Remember, we're talking about regular users, here... these people (broadly speaking) never use keyboard shortcuts. Everything needs to be clickable (touchable) with the mouse (finger).

3 comments

Oh, it's definitely possible - Keynote for iPad (http://www.apple.com/ipad/from-the-app-store/keynote.html). No a menu bar in sight (at least, not in the traditional sense).
> But what would it look like? Consider Powerpoint.

http://itunes.apple.com/app/keynote/id361285480

> There needs to be a way to switch slide layout, add elements to the slide, work with animations & transitions, reorder slides, etc. And that's just some of the things that users will want to do all the time, on almost every slide.

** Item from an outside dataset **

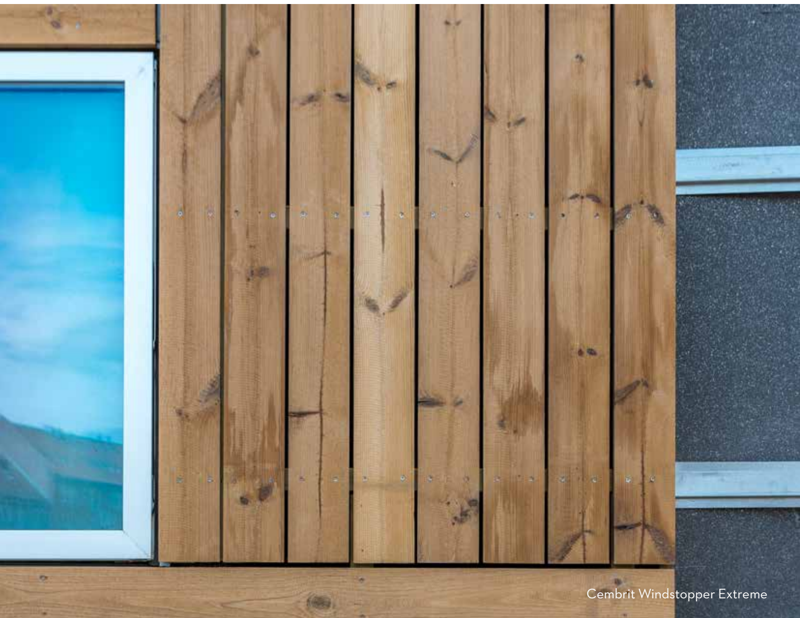
Cembit Windstopper Extreme

There's just no way to have that sort of rich interface in Metro.

See link. It's perfectly possible to do all that without a classical menu bar. Does it do everything the desktop version does? No. Can it do pretty much everything useful of it? Sure.

>> Can it do pretty much everything useful of it?

No, not really. It's great for presenting, useful for making small tweaks to existing content, and painful for trying to create presentations that go beyond stuffing text in the provided templates.

This is also true of Numbers. Pages is pretty good though.

There's just no way to have that sort of rich interface in Metro.

You must've missed the "charm", sliding & docking side-windows part of the Metro demos at BUILD.